# Text Summarization

Text summarization is the process of finding the most important information from a document to produce a short version with all the important ideas.
+ The Idea of summarization is to find a **subset of data which contains the “information” of the entire set**.

#### Types of Summarization Approaches
- **Extractive**
- **Abstractive**

In [1]:
!pip install sumy summa lexrank spacy nltk gensim



## 1) Extractive Summarization

In [2]:
docx = """Machine learning (ML) is the study of computer algorithms that improve automatically through experience and by the use of data. 
It is seen as a part of artificial intelligence. Machine learning algorithms build a model based on sample data, known as "training data", 
in order to make predictions or decisions without being explicitly programmed to do so. 
Machine learning algorithms are used in a wide variety of applications, such as email filtering and computer vision, where it is difficult or 
unfeasible to develop conventional algorithms to perform the needed tasks.
A subset of machine learning is closely related to computational statistics, which focuses on making predictions using computers; 
but not all machine learning is statistical learning.
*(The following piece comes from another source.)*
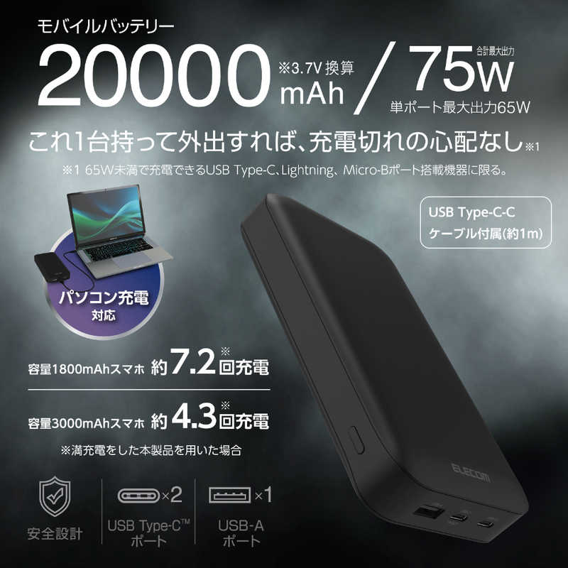 ■電池定格容量:3.6V/20000mAh 72.0Wh

The study of mathematical optimization delivers methods, theory and application domains 
to the field of machine learning. Data mining is a related field of study, focusing on exploratory data analysis through unsupervised learning. 
In its application across business problems, machine learning is also referred to as predictive analytics."""

### Using Sumy
+ Steps
    - parser
    - tokenizer
    - algorithm

In [3]:
# Load Our Pkgs
import sumy

In [4]:
# Load Pkgs
from sumy.parsers.plaintext import PlaintextParser
from sumy.nlp.tokenizers import Tokenizer

In [5]:
print(docx)

Machine learning (ML) is the study of computer algorithms that improve automatically through experience and by the use of data. 
It is seen as a part of artificial intelligence. Machine learning algorithms build a model based on sample data, known as "training data", 
in order to make predictions or decisions without being explicitly programmed to do so. 
Machine learning algorithms are used in a wide variety of applications, such as email filtering and computer vision, where it is difficult or 
unfeasible to develop conventional algorithms to perform the needed tasks.
A subset of machine learning is closely related to computational statistics, which focuses on making predictions using computers; 
but not all machine learning is statistical learning. The study of mathematical optimization delivers methods, theory and application domains 
to the field of machine learning. Data mining is a related field of study, focusing on exploratory data analysis through unsupervised learning. 
In it

In [6]:
# Parsing From String
import nltk
nltk.download('punkt')
parser = PlaintextParser.from_string(docx,Tokenizer("english"))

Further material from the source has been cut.